It's not common to have flyers passed out in the streets of this neighborhood along Killingsworth, but there is a crowd is gathered and they want their message to be clear. It's the birthday of the Reverend Dr. Martin Luther King Jr. and over 150 people are marching to Alberta Park to speak out against the inequalities present in Portland Public Schools.
According to supporters of today's event, schools in North and Northeast Portland don't get enough qualified teachers. They gather at Martin Luther King Elementary on 7th and Alberta and march in the street down Killingsworth to Alberta Park.
Chants belted out, banners held high and proudly, the mood is lively as the marchers pass One Stop Records who fill the air with the moving sound of the famous King speech amplified outside their store.

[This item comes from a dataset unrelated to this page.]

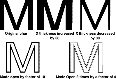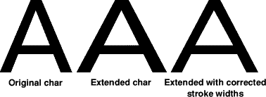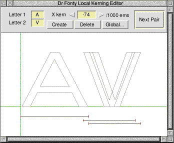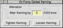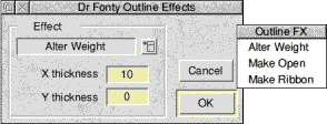 In addition you can use mathematical equations, these can include SIN, COS, TAN, RAD etc. The example below shows the Flag matrix loaded from disk. When you alter a font with a matrix you may need to use the Outline FX dialogue to alter the weight. ![]() Composites menuThis contains two entries, the first is Delete . Clicking on this will delete all composite characters from the font. For example supposing an accented character (Ç) is produced from composites of C and ¸. Clicking on Delete will remove this composite character but will leave the original letters (C and ¸) alone. Make Real will convert all composites in the font to real outlines. The example below left shows a composite character (note the two blue handles). The other example shows the result of clicking on make real. ![]() The Save MenuUsing this menu you can save either an entire Acorn font, a PostScript font (for use with Adobe Type Manager running under Windows) or a kerning file to disk. FontWhen you save a font to disk you will only drag one file icon from the save dialogue box. A font consists of two files (Outlines & Intmetrics). Provided that the option "Save Intmetrics with Outlines" is on from Dr Fonty's preferences window the fonts intmetrics will be automatically saved next to its outlines on disk. PostScriptThis menu has three options. Just like an Acorn font a PostScript font consists of two files (AFM - like Acorn Intmetrics, and PFB - like Acorn Outlines). This menu has a third option which is "ATM info". This saves an info file for Adobe Type Manager. If you want to use the font created directly under Windows then you will need to create this file. If you are going to export the font to a PC/Macintosh font editor then you do not need to save this file. Acorn font names and PostScript names are not the same. Dr Fonty will automatically convert Acorn names to PostScript using the same format as DrawWorks Millennium. This means that you can produce an EPS (PostScript) file and also supply the required fonts on disk with the correct matching font names. KerningYou can save the kerning from one font to disk, then load a different font, then re-load the kerning. This allows you to add kerning to fonts which do not have any, or to swap kerning between fonts. If you do load kerning from one font into another then this new kerning will need to be adjusted using the kerning editor. Outlines menuThis menu is concerned with a fonts outlines. Alter X/Y PosClicking on these will open the X or Y position dialogue box. ![]() This allows you to alter the X/Y position of all characters in the font. For example you could add an offset (often called a left side bearing) to all characters in the font. Using this with a positive value will increase the gap between the start of a character and position 0,0. A negative value will reduce the gap. The example below shows the effect of altering X position by 200 units. ![]() FX/Process menuThis contains a number special options that can be used on a fonts outlines. Clean Points Clicking on this will open the clean points dialogue box. ![]() This dialogue is designed to remove double sets of control points that could cause errors when using the Dr Fonty Outline Effects dialogue box (see page 25). Some fonts have control points very close together, this can cause the "Make Open" effect to have undesirable results. ![]() Flip X/Y The two options Flip X and Flip Y do just that, they flip characters in the font over. ![]() Special FX Clicking on this option will open the Outline Effects dialogue box. ![]() From here you can apply a number of effects to the outlines of a font. For example: ![]() The alter weight option can be exceptionally useful. If for example you make an extended font using the "Characters Transform" option the vertical strokes will be wider than the horizontal strokes. You can use alter weight to restore the stroke width. ![]() In the example above the final character was produced by gradually reducing the X thickness in steps of -4 until all stroke widths were identical. You can of course combine effects. For example you could make a font bolder (increase X thickness) then make an "open" version of it. The Kerning menuThis menu allows access to Dr Fonty's kerning editor. If the options on this menu are greyed out then the current font does not have any kerning. You can of course load kerning by dragging in a kern file from disk. DeleteClicking on this option will delete all kerning from the current font. Dr Fonty will confirm that this is what you want to do before deleting all the kerning. Global..Clicking on this will open the global kerning dialogue box. ![]() This allows you to globally tighten or loosen all the kern pairs in a font. Often the kerning from one font can be transferred to another and only needs to be adjusted globally. For example the kerning from one sanserif font can often be quickly adapted for another. EditClicking on this option will open the local kerning editor. ![]() From here you can edit any of the kern pairs in the font, delete pairs you do not want or add pairs that you need. The display shows the pair of letters to be kerned along with the kerned and unkerned positions. At the top of the window is the current kerning amount. Clicking menu over the kerning display will open a menu for all kern pairs. You can adjust a kern pair in a number of ways. Firstly by typing in a new value into the writable icon at the top of the window. Secondly you can use the left and right arrows to decrease or increase the value. You can also alter the kerning by clicking in the kerning display and then using the cursor keys in conjunction with SHIFT or CONTROL . Making a new pairIf you need to add a new kern pair then type the two characters which need a pair into the top left writable icons and then click on the "Create" button. If the pair already exists it will be displayed, if not it will be created and then displayed. Deleting a pairTo delete a ker

"Today is an important day," shouts Ron Herndon through a microphone while standing in the back of a pickup parked on the sheltered basketball court where the march has come to an end. "It's especially important because our children are out here. The Reverend Dr. Martin Luther King Jr. talked about equal opportunity being especially important for our children."
Herndon sees a direct correlation between Oregon being declared the hungriest state in the country and having the worst drop our rate.
"If you don't get an education, you aren't going to get good work and you're going to be hungry," he says. "There's enough money for new jail cells but they say there's not enough money to make sure every child has a book in school."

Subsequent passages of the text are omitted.